Personally, I believe that all individual tax returns should be done as soon as possible. There is no need to delay the inevitable. Once you have done it – you will know it’s done and over for the next 12 months. Some people think of the tax return like going to a dental appointment – not true – the dentist charges more.
What information do you need:
The most important item is the income for the year. This includes all group certificates (including Centrelink payments), bank interest, dividends, rental income etc. The tax office now has the ability to track down most of the incomes earned by taxpayers such as bank interest, dividends, sale of property etc so make sure you include it. If you don’t; then you may be charged with both hefty penalties and interest charges.
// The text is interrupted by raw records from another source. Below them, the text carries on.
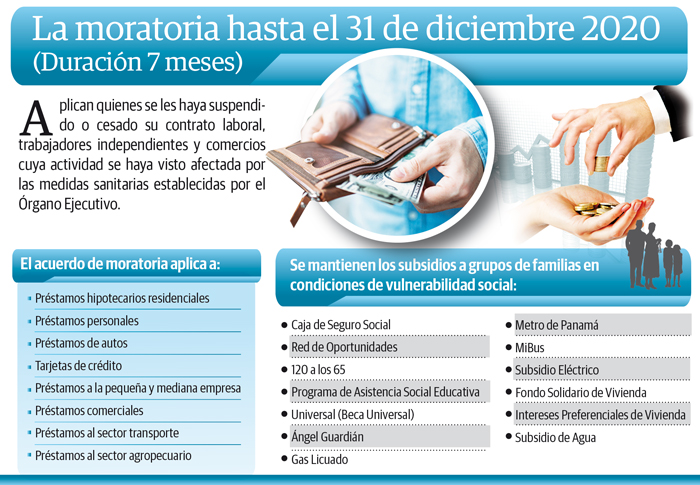 Aimeé Sentmat, presidenta de la Asociación Bancaria de Panamá, indicó que esta medida no actúa de forma automática, porque lo que busca es ayudar a los clientes afectados por la pandemia. Por ende, sugirió a quienes tienen préstamos, que llamen a los bancos para encontrar mecanismos de soluciones sobre sus pagos, e incluso hasta de más largo plazo.
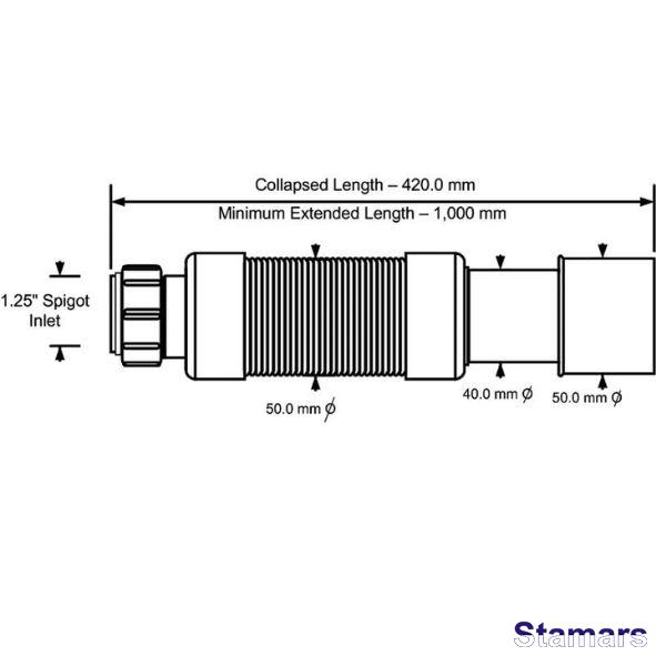 Akordeona montāžas savienotājs, 1000 mm garš, pieskrūvējams un taisns gals 1,1/4″x40/50 mm.
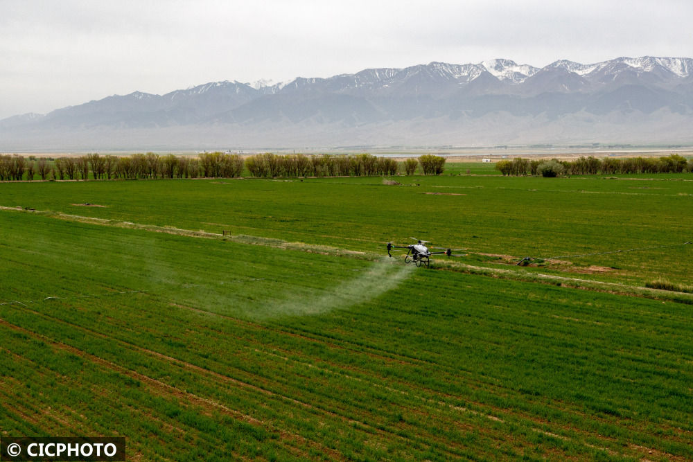 ↑2022年5月24日,在新疆哈密市巴里坤哈萨克自治县大河镇一处麦田,植保无人机在对小麦进行“一喷三防”作业。(无人机照片)CICPHOTO/普拉提 摄
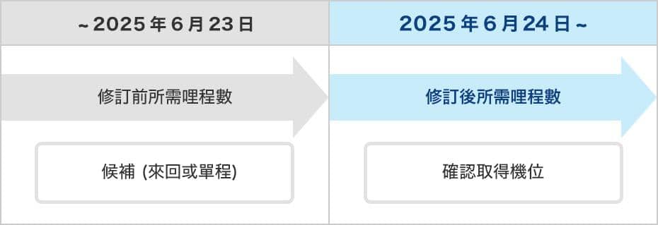 自 2025 年 6 月 24 日 (二) 0:00 (日本時間) 起預訂、兌換的酬賓獎勵機票將適用修訂後之所需哩程數。
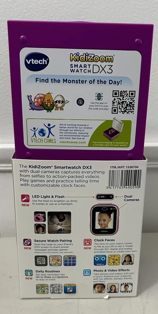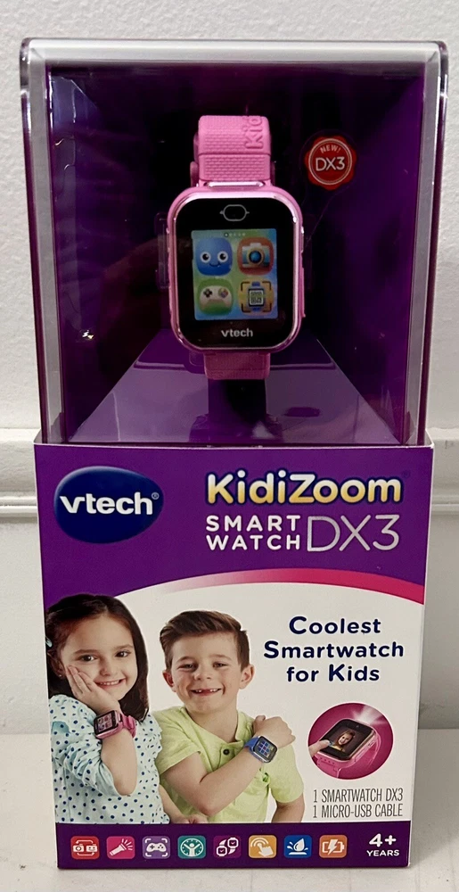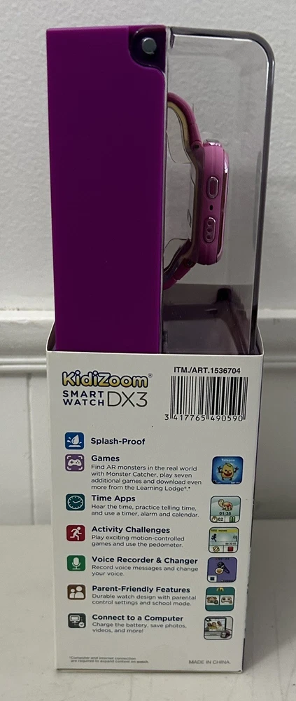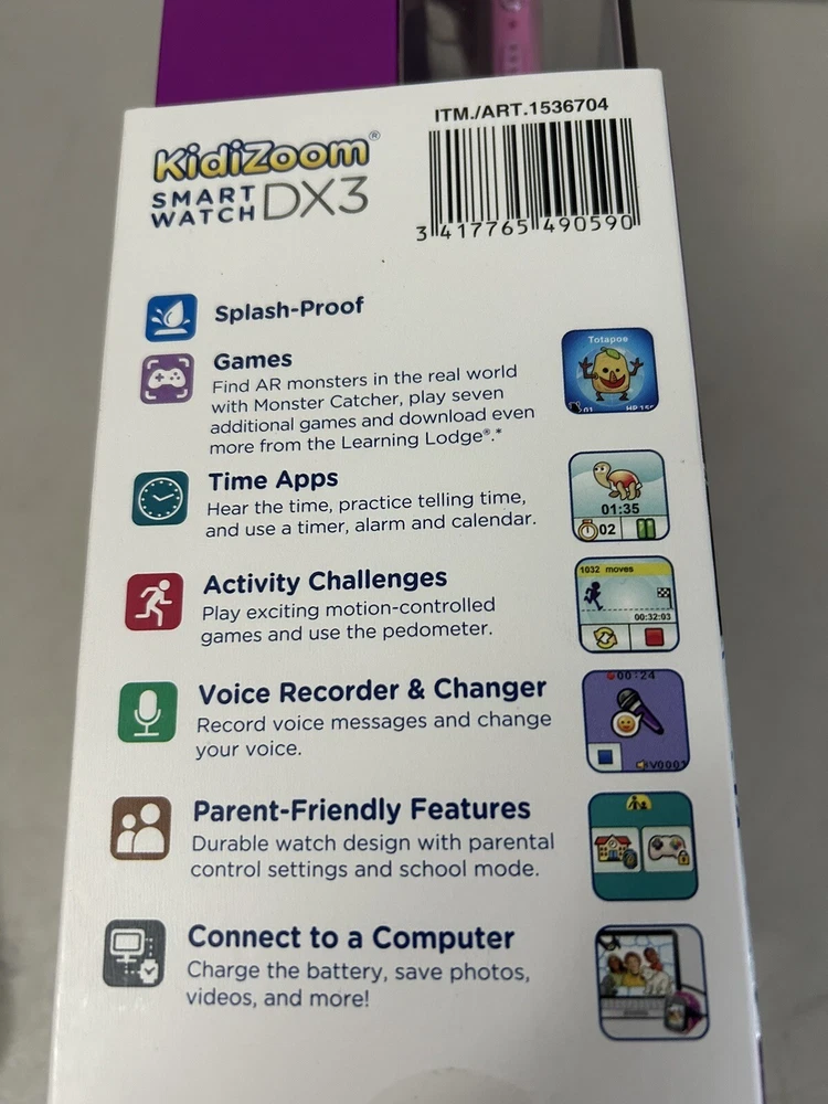 Splash proof. Games. Time apps. Activity challenges. Voice, recorder and changer. Parent friendly features. Connect to computer. Take photos and videos with just a touch. Dual cameras. LED light and flash. Secure, watch pairing.

What do you need to know about deductions:
When it comes to claiming expenses then there are three things you need to be aware before it can be allowed as a deduction:
1. actually incurred – unless you have spent the money then you can not claim a tax deduction. So you can not ask your tax agent “what can I claim?” You need to ask “which one of these items that I have spent can I claim?”
2. meets the deductibility test – you must be able to show that the expense was incurred in the course of gaining or producing assessable income.
3. satisfies the substantiation rules – you must have a written evidence to prove their deduction.
The three most commonly misunderstood expenses by clients are: motor vehicle, mobile telephone and home office.

Final note: this year new and lower tax rates will apply.